Senators support spending trims

Udall, Bennet back entitlement, military cuts in proposal

WASHINGTON – As Congress moves to hash out a new budget, Colorado’s senators are pushing for debate about a plan that would reduce the deficit by $4 trillion by the end of the decade.

The plan also would entail spending cuts in major programs such as Social Security and Medicare, as well as other controversial measures.

Sens. Mark Udall and Michael Bennet, both Democrats, are calling for consideration of the plan, the details of which were proposed by President Obama’s deficit commission, a bipartisan group created last year to offer policy recommendations for balancing the budget.
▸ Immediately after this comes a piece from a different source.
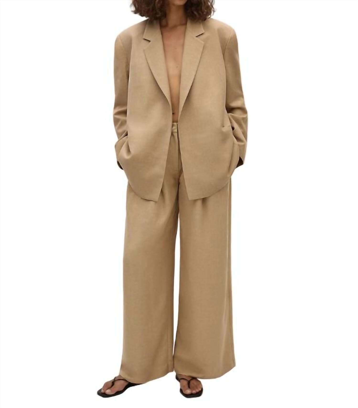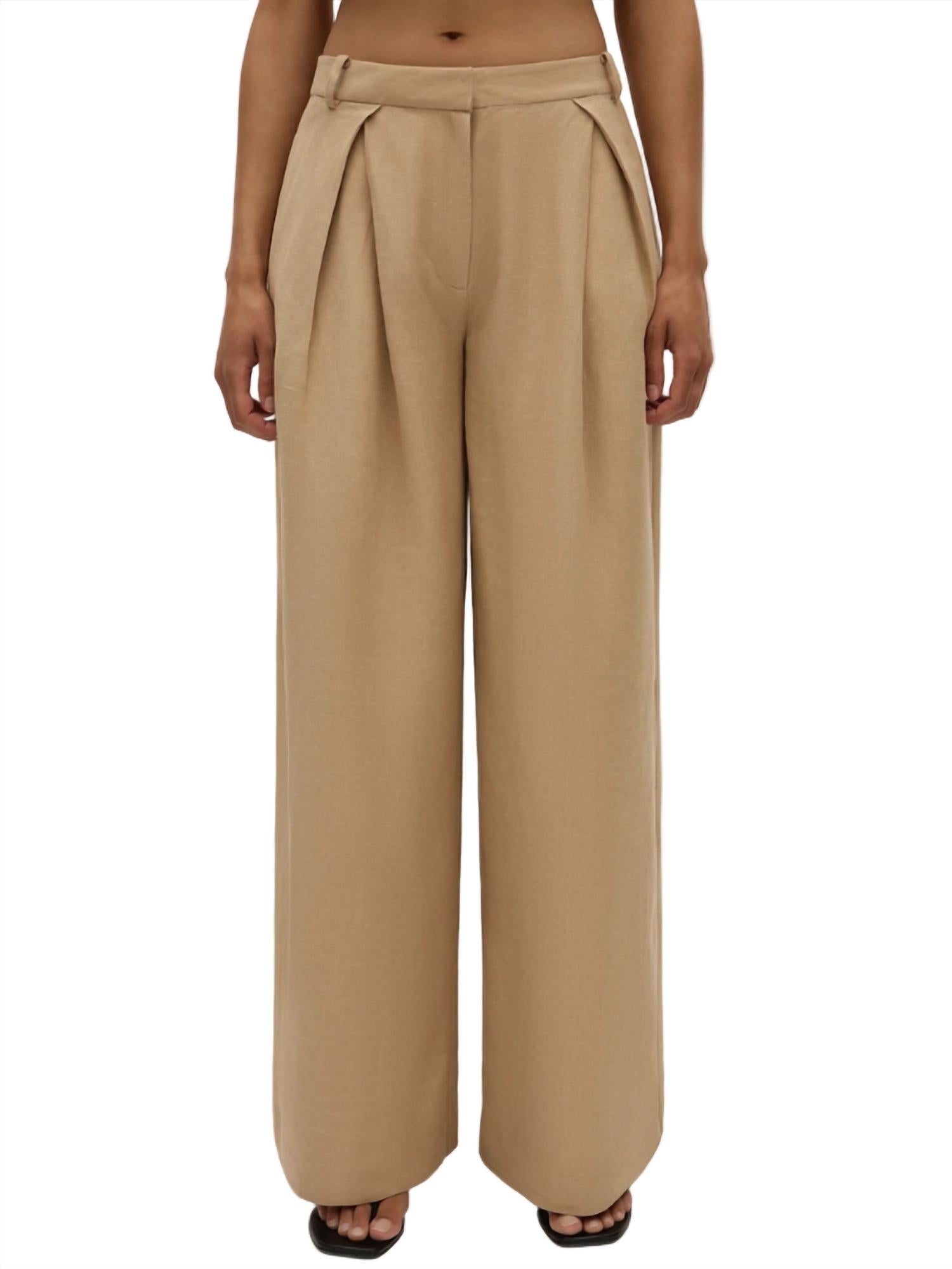 Meet the Astrid High Rise Trouser by FAITHFULL THE BRAND, a chic addition to any wardrobe, crafted in a Sahara solid color. These trousers feature a viscose blend composition, comprising 52.5% Rayon, 21.5% Viscose, and 26% European Linen, ensuring a luxurious feel and imported quality. Designed with a zip closure, high-rise waist, and relaxed fit, they flare into a wide-leg style that crops around the ankles, embodying a modern aesthetic. For optimal garment care, these trousers require dry cleaning.

Udall and Bennet have said the plan includes some difficult yet necessary steps toward fiscal stability.

Some of those steps include deep cuts not only in discretionary spending but also in entitlement and military spending. Other proposals include a higher retirement age, the elimination of some popular tax breaks such as the mortgage-interest deduction and an increase in the gas tax.
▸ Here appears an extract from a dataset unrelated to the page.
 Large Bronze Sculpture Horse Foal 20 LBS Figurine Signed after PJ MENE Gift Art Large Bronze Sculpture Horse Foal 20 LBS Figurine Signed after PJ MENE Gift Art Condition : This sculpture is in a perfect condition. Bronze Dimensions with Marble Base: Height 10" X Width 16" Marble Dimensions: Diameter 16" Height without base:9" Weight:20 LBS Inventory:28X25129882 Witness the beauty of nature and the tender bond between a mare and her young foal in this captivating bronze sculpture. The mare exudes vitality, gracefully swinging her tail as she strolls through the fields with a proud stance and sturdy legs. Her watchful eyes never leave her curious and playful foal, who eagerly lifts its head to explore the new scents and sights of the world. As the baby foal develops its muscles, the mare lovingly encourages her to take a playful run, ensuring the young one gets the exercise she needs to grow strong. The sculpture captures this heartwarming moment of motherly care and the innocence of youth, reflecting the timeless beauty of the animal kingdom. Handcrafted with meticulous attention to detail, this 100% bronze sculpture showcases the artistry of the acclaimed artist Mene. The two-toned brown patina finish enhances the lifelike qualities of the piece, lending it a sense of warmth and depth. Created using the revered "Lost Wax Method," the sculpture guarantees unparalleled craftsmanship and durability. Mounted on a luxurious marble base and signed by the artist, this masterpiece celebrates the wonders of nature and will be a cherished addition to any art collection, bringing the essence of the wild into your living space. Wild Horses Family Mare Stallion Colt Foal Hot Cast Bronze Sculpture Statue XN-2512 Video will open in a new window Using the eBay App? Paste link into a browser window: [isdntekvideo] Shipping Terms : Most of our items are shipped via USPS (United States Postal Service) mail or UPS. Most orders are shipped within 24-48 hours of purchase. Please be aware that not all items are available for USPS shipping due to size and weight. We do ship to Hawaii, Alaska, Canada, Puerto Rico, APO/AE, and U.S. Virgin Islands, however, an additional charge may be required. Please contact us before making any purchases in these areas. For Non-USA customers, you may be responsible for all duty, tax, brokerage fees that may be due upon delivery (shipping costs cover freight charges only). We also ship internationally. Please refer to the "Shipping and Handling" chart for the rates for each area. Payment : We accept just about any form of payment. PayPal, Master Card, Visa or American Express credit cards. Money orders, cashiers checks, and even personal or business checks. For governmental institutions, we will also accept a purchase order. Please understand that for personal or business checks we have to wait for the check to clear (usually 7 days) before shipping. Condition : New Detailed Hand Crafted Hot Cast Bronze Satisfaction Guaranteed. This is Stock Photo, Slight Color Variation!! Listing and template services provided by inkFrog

However, the plan also includes some more popular proposals, including simplifying the tax code and broadening the tax base.

Udall’s office said although there are some details he disagrees with, overall he supports the commission’s comprehensive blueprint for fixing the budget.

“You can’t (fix the budget) just by cutting discretionary spending,” said Udall’s press representative, Jennifer Talhelm, saying that reforms to discretionary, entitlement and defense spending needed to be addressed together.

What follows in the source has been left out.